Try it:
Pictures are to be omitted. Output only the lines from the one containing "Al inspeccionar, los" through the end of the data, word for word.

Collected material:
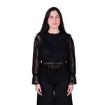 La blusa manga larga en tull plumeti negro de Tiare para mujer es una prenda elegante y sofisticada, perfecta para un look formal o de ocasión especial. Presenta un cuello alto con volantes que añade un toque romántico y delicado, mientras que los detalles fruncidos en el área del pecho realzan la silueta. La blusa se completa con mangas largas y puños elásticos que aportan comodidad y estilo, y un pequeño volante en la cintura que genera un acabado femenino y moderno.
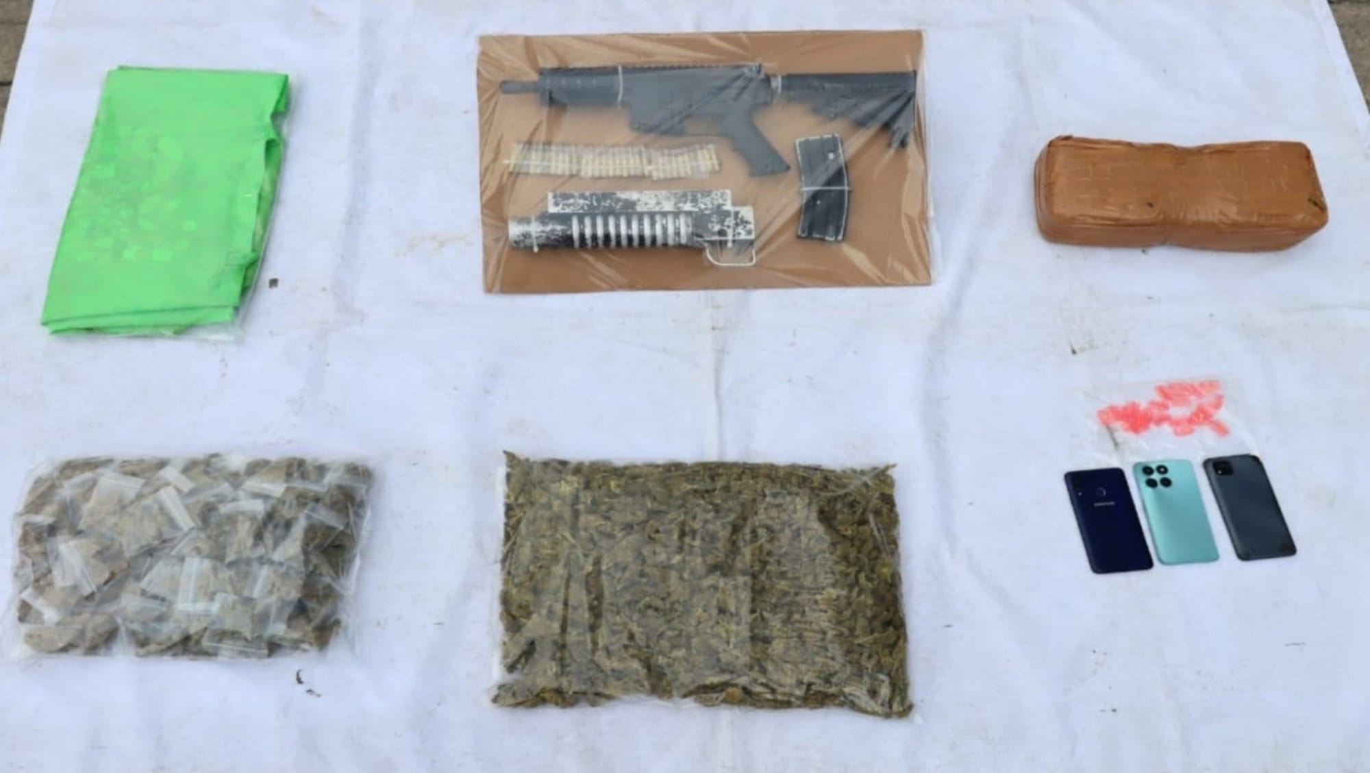 Al inspeccionar, los elementos reportaron el hallazgo de un arma larga, un tubo lanzagranadas, 30 cartuchos útiles y un cargador, 3.9 kilos de marihuana, dosis de metanfetamina y un vehículo con reporte de robo.
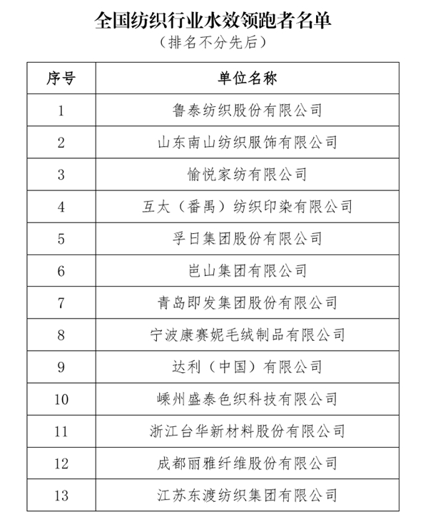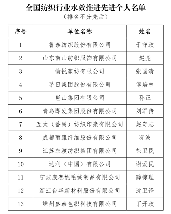 附:纺织行业水效领跑者及先进个人名单

Solution for this exercise:
 Al inspeccionar, los elementos reportaron el hallazgo de un arma larga, un tubo lanzagranadas, 30 cartuchos útiles y un cargador, 3.9 kilos de marihuana, dosis de metanfetamina y un vehículo con reporte de robo.
 附:纺织行业水效领跑者及先进个人名单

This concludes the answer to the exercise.